═══ Given information ═══

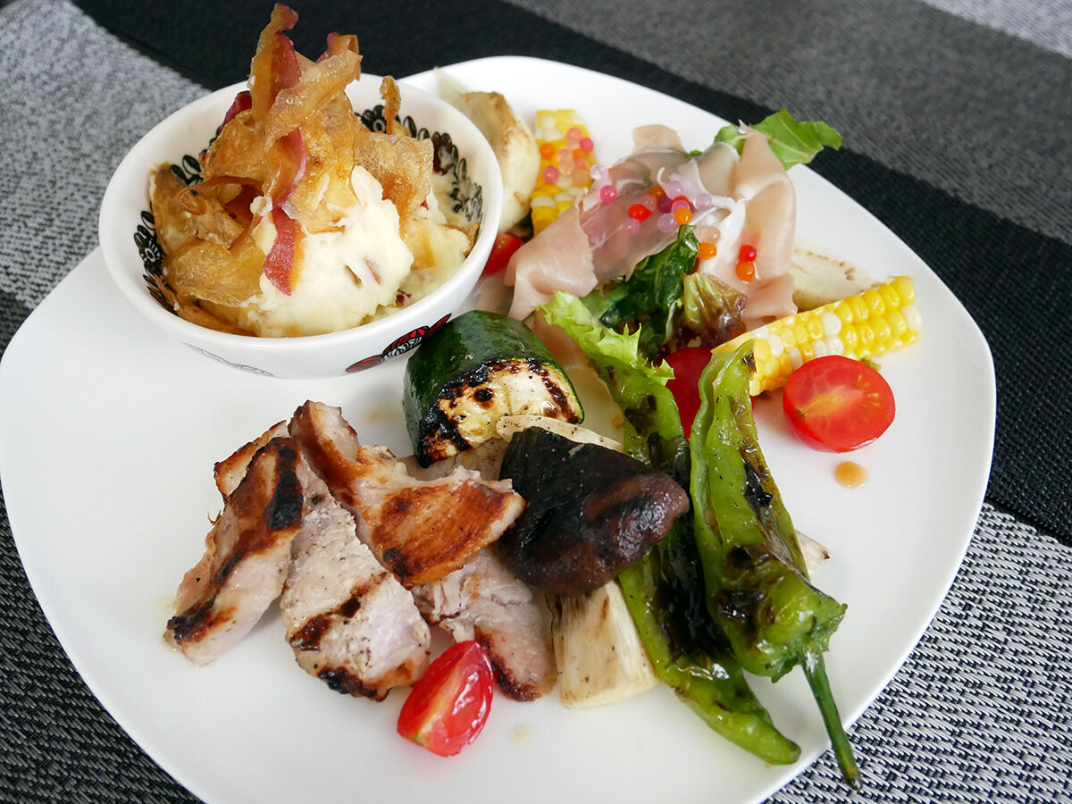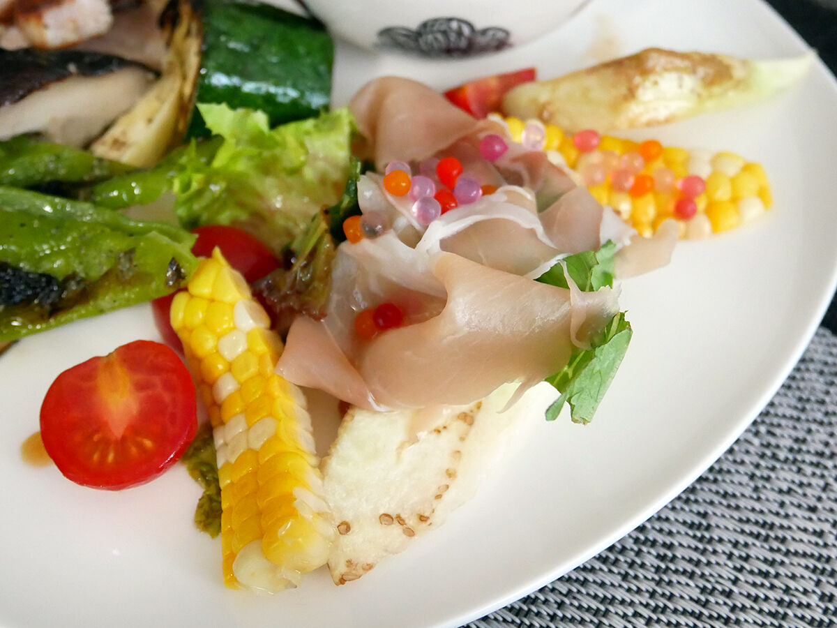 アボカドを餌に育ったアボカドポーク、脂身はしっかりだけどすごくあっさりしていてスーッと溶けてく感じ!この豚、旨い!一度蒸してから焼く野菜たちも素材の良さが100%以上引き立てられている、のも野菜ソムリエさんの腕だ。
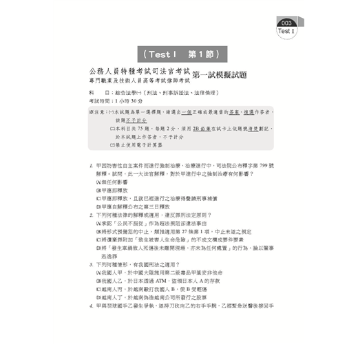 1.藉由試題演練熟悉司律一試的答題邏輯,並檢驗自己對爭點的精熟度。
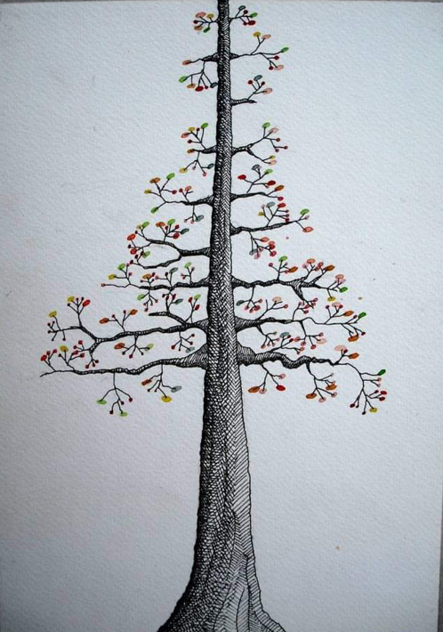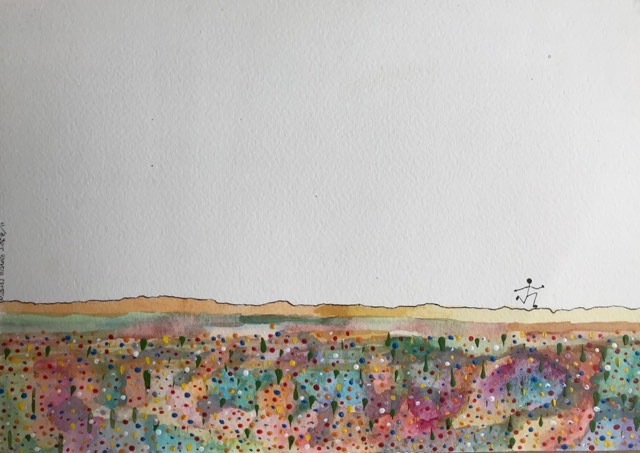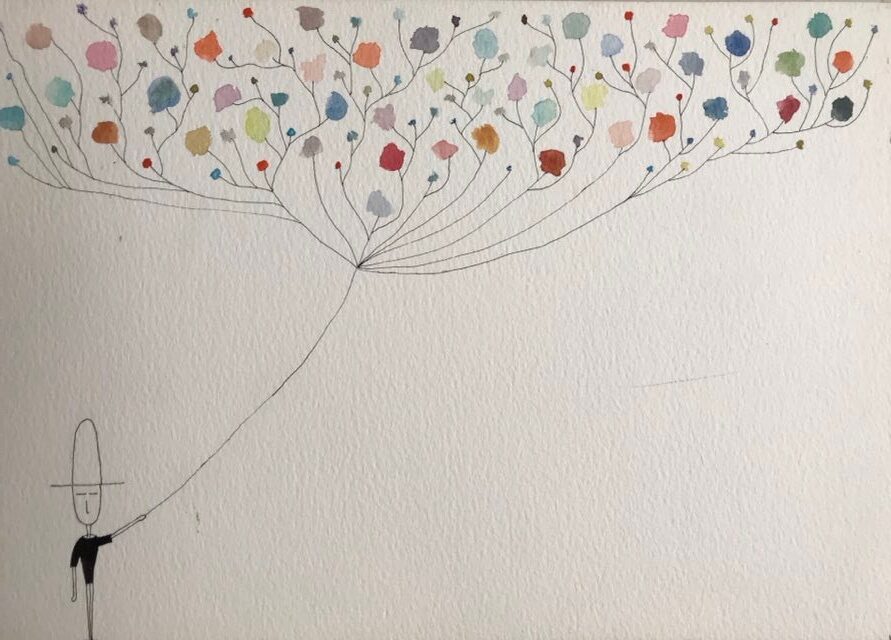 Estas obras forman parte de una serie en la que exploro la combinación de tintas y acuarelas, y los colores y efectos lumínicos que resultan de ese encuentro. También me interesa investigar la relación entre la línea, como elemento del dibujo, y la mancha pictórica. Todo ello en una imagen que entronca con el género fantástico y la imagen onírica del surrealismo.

═══

Exercise prompt: Apart from the pictures, every line above must be repeated exactly.

Task solution:
 アボカドを餌に育ったアボカドポーク、脂身はしっかりだけどすごくあっさりしていてスーッと溶けてく感じ!この豚、旨い!一度蒸してから焼く野菜たちも素材の良さが100%以上引き立てられている、のも野菜ソムリエさんの腕だ。
 1.藉由試題演練熟悉司律一試的答題邏輯,並檢驗自己對爭點的精熟度。
 Estas obras forman parte de una serie en la que exploro la combinación de tintas y acuarelas, y los colores y efectos lumínicos que resultan de ese encuentro. También me interesa investigar la relación entre la línea, como elemento del dibujo, y la mancha pictórica. Todo ello en una imagen que entronca con el género fantástico y la imagen onírica del surrealismo.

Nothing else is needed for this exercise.